▼
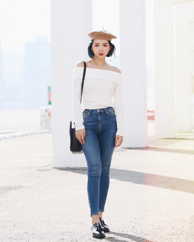 身高 160cm 以下的女生,盡量避免穿剪裁寬鬆的牛仔褲或是喇叭褲!不過想穿的話,只要配上高跟鞋或船跟鞋,褲腳也要剛好蓋過鞋面,才不會被拉矮哦!
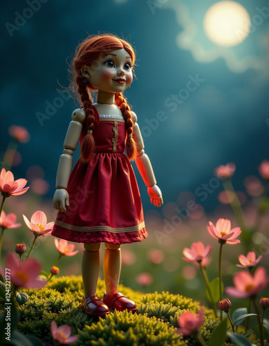 © Jim, Fototapeta premium Wooden puppet of a red-haired girl
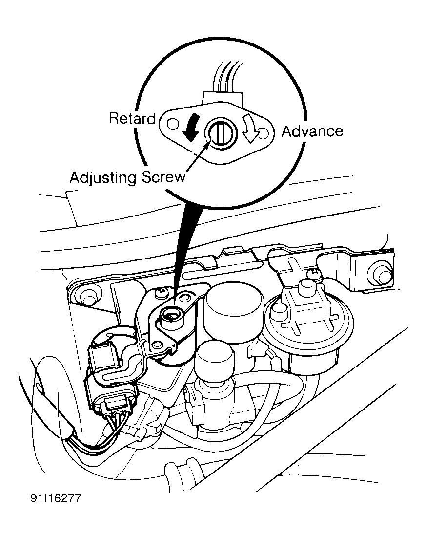 4. Turn adjusting screw counterclockwise to retard timing or clockwise to advance timing. After adjustment, install cover to ignition timing adjuster with new rivets. Remove jumper wire from ignition timing adjusting connector.
▲
Return, unchanged, the lines from the first line of the material through the line that holds "a red-haired girl", inclusive, omitting pictures.

 身高 160cm 以下的女生,盡量避免穿剪裁寬鬆的牛仔褲或是喇叭褲!不過想穿的話,只要配上高跟鞋或船跟鞋,褲腳也要剛好蓋過鞋面,才不會被拉矮哦!
 © Jim, Fototapeta premium Wooden puppet of a red-haired girl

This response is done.